Supplied information:

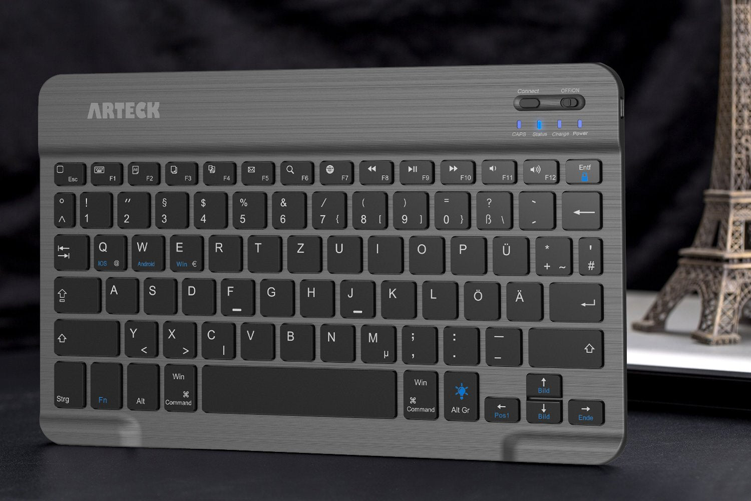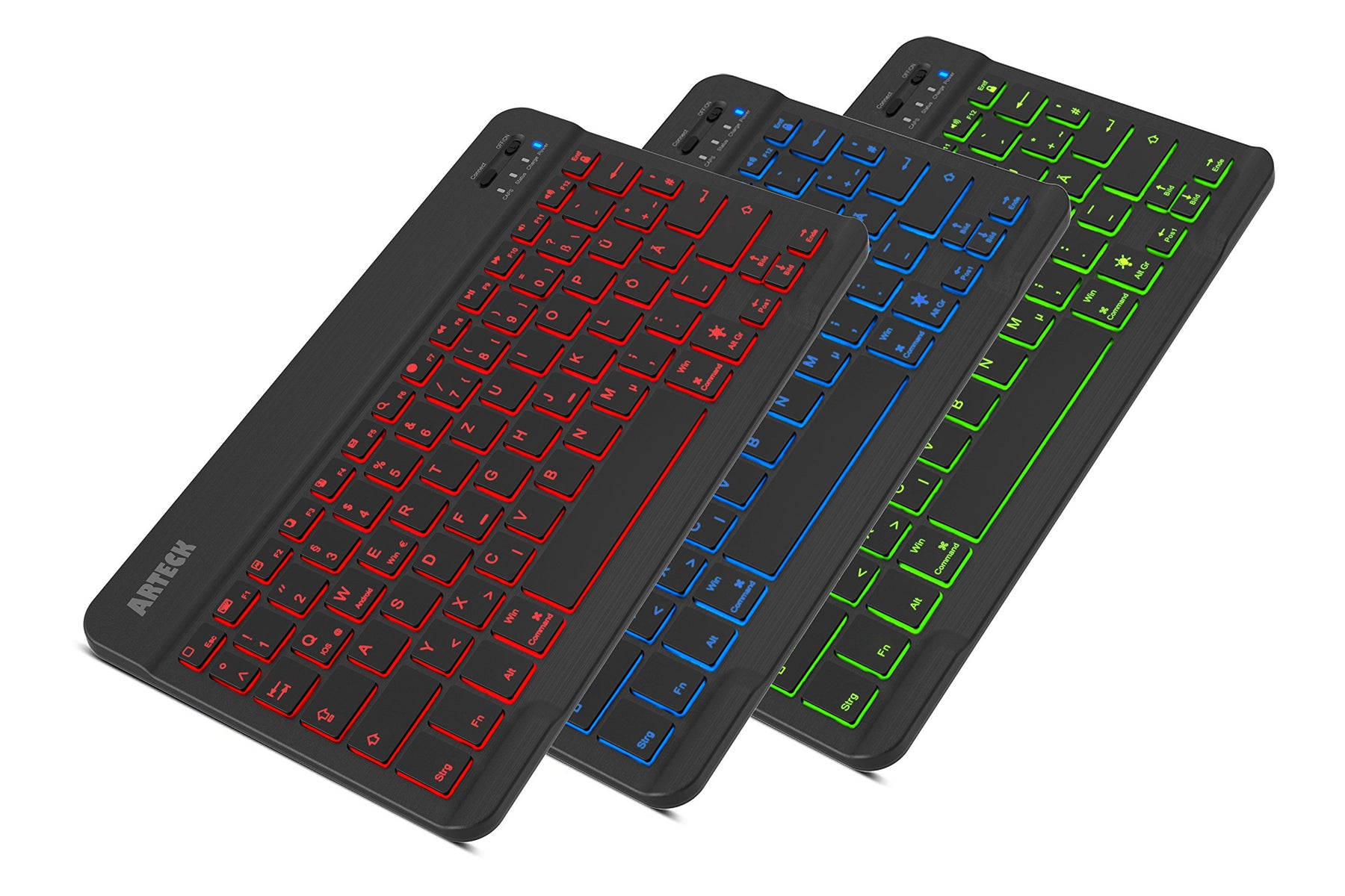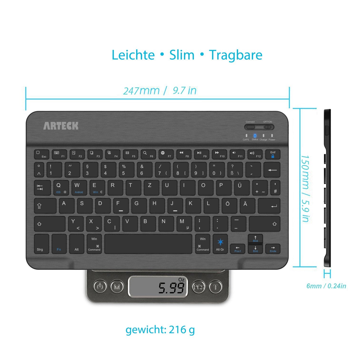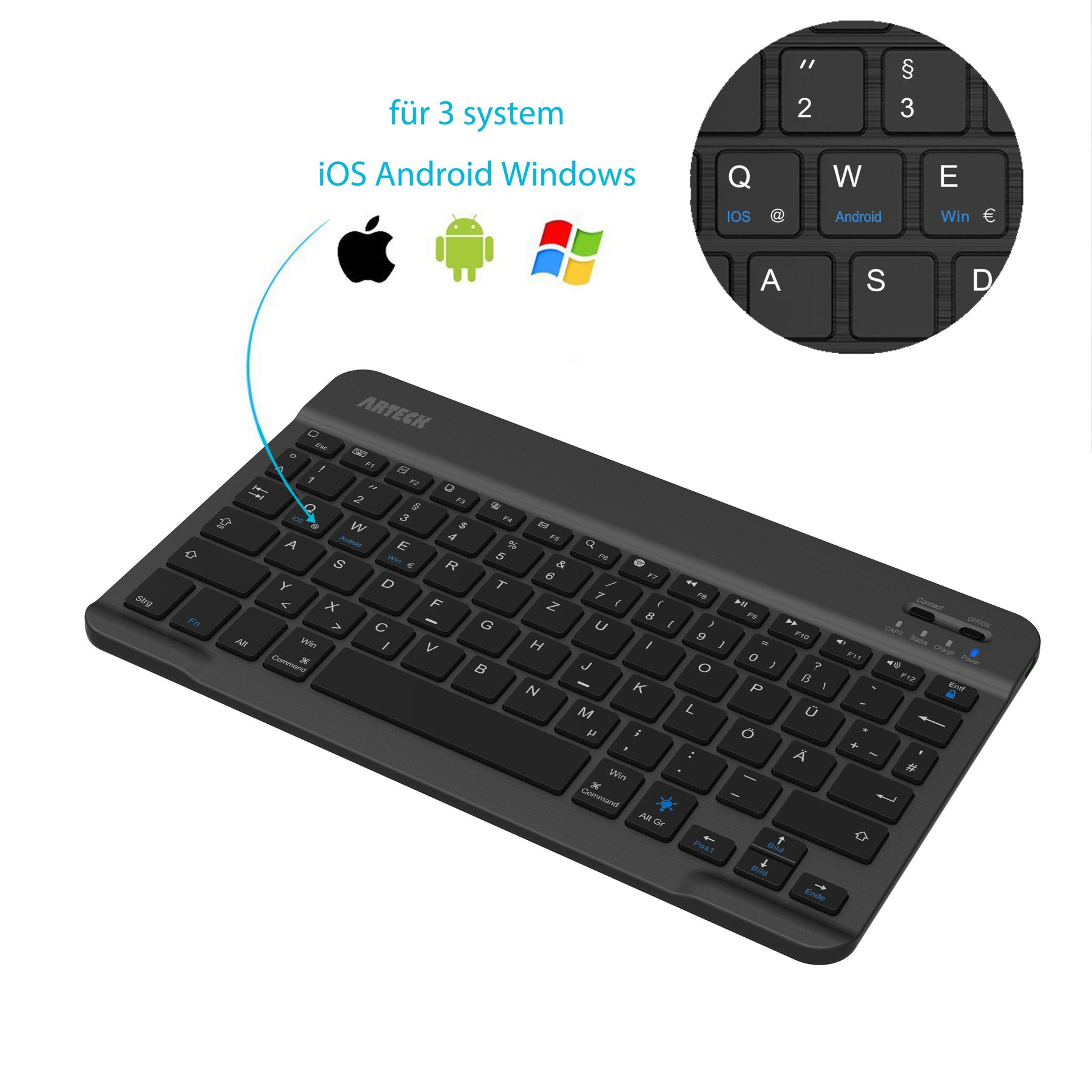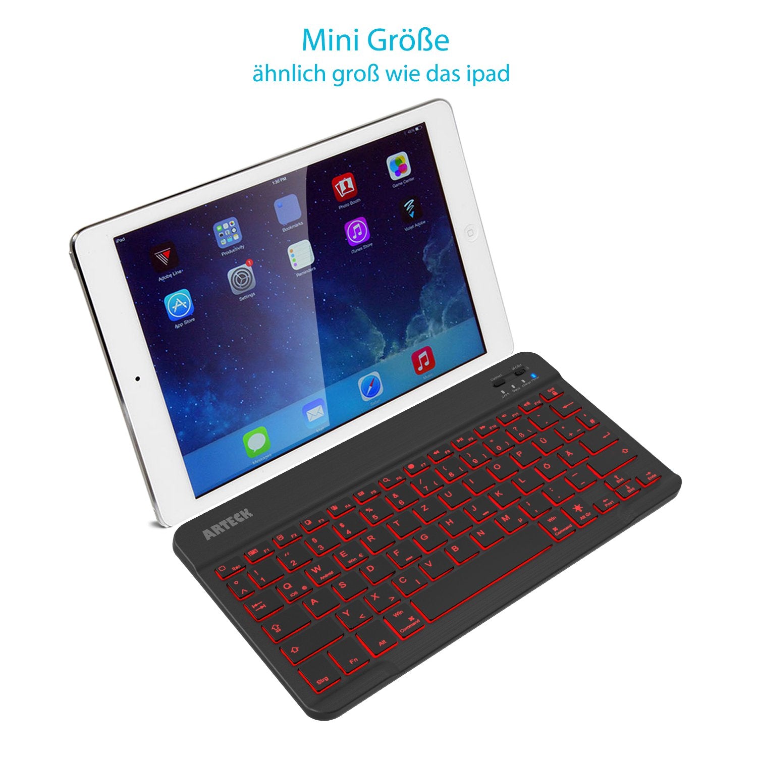 Arteck Bluethooth QWERTZ Deutsche Wireless Tastatur mit 7 Farben Ultraleicht und dünn Tragbare Kabellose, für iPad Pro, Air, Mini, Android, MacOS, Windows, Tablets, PC, Smartphone
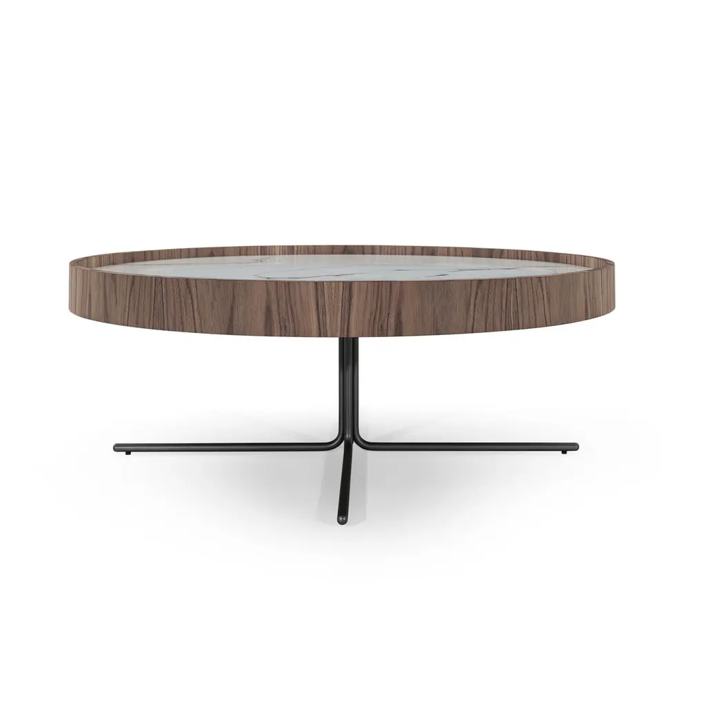 Walnut Veneer Coffee Table With 39-Inch White Marble Glass Top - Regia Line
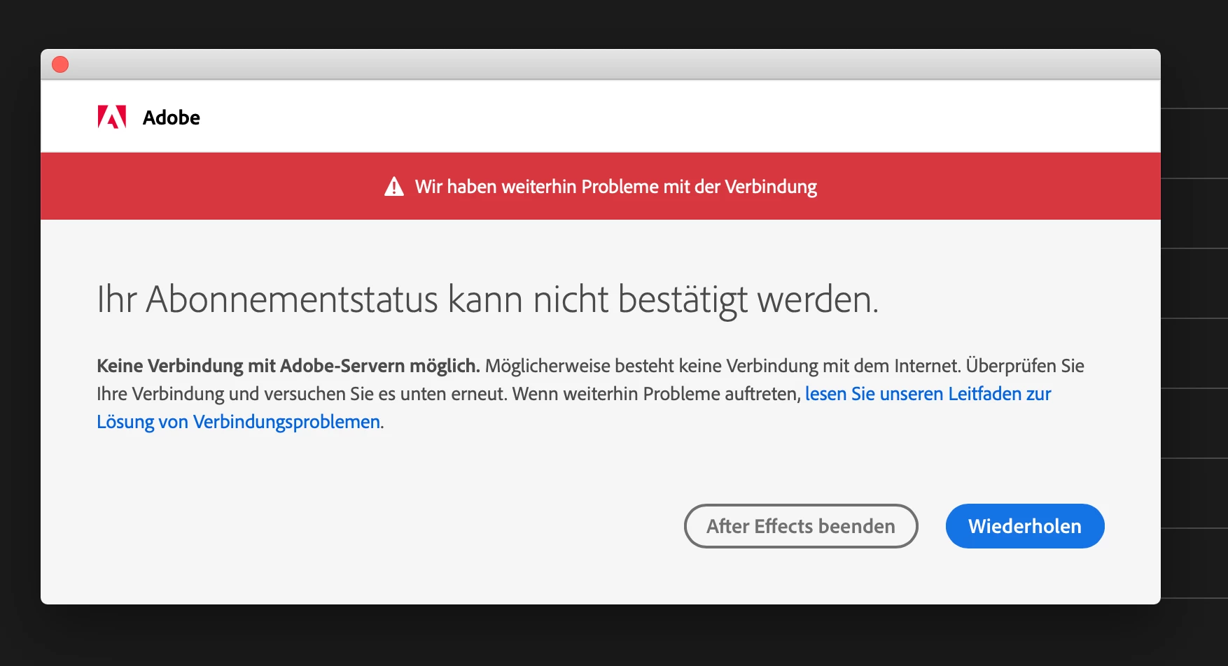 Hello, since yesterday AE and PR can no longer connect to check the status of the subscription. The CC app works fine. I cheked keychain and certificates, reinstalled everything, nothing helped. What could that be? Thanks!
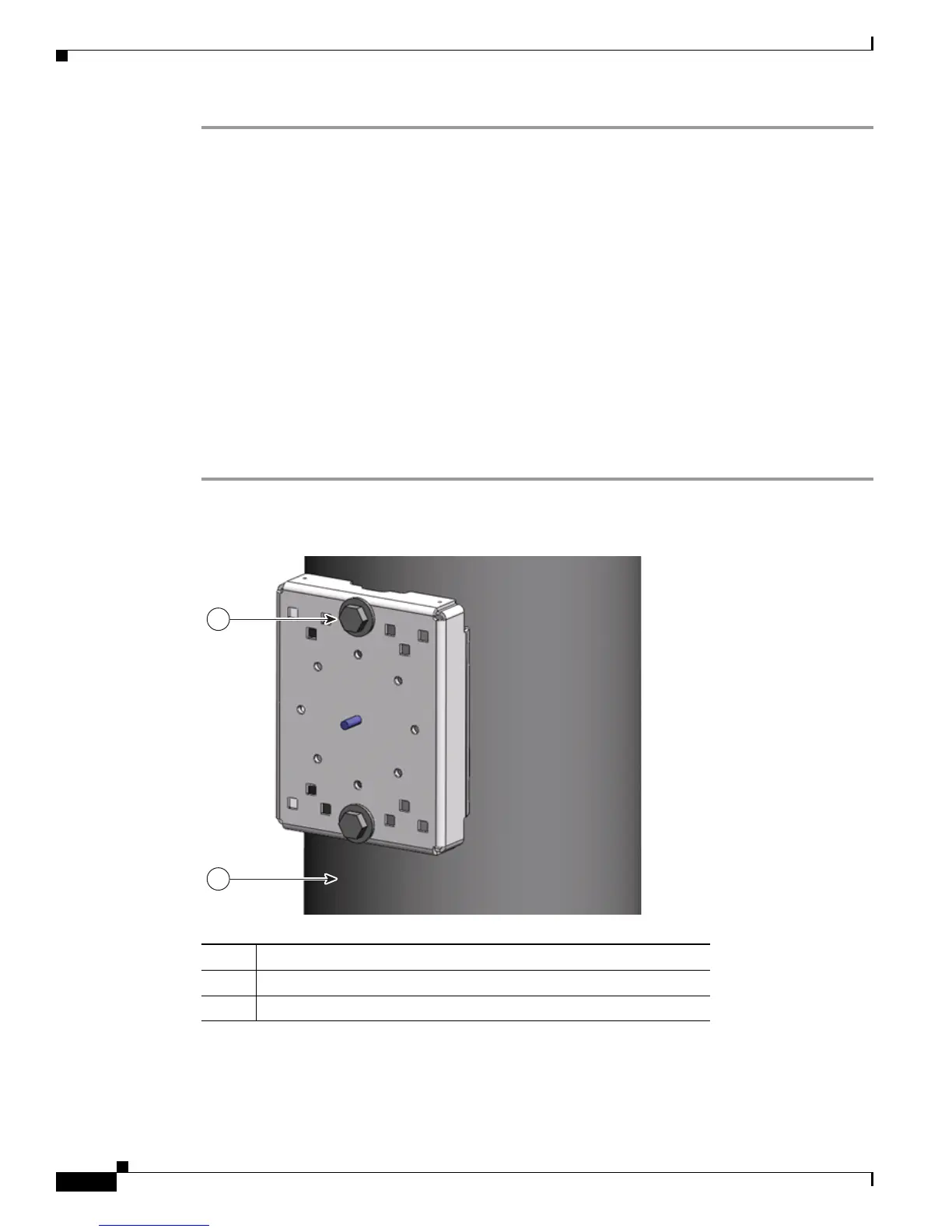 Step 4 Position the mounting plate over the drilled holes. Align the clearance holes on the mounting plate with
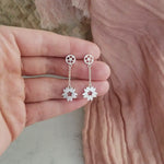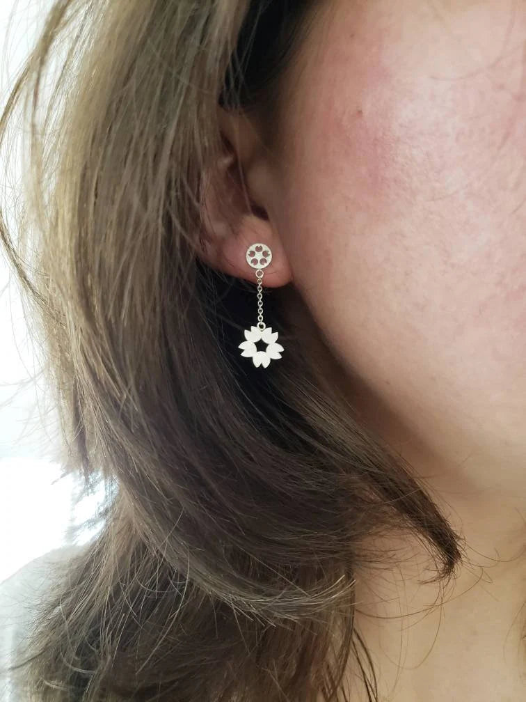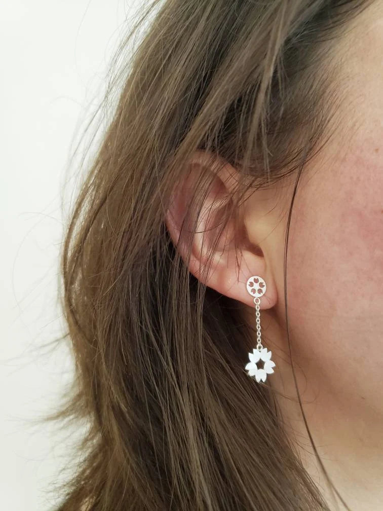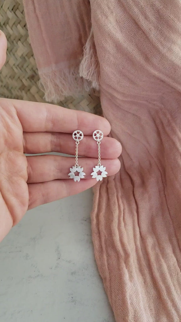 Boucles d'oreilles pendantes Sakura, fleurs de cerisier, argent sterling, bijou d'inspiration Japonaise.

What is expected: Output all of the records word for word, and keep the pictures out of the copy.

Completed task:
 Arteck Bluethooth QWERTZ Deutsche Wireless Tastatur mit 7 Farben Ultraleicht und dünn Tragbare Kabellose, für iPad Pro, Air, Mini, Android, MacOS, Windows, Tablets, PC, Smartphone
 Walnut Veneer Coffee Table With 39-Inch White Marble Glass Top - Regia Line
 Hello, since yesterday AE and PR can no longer connect to check the status of the subscription. The CC app works fine. I cheked keychain and certificates, reinstalled everything, nothing helped. What could that be? Thanks!
 Step 4 Position the mounting plate over the drilled holes. Align the clearance holes on the mounting plate with
 Boucles d'oreilles pendantes Sakura, fleurs de cerisier, argent sterling, bijou d'inspiration Japonaise.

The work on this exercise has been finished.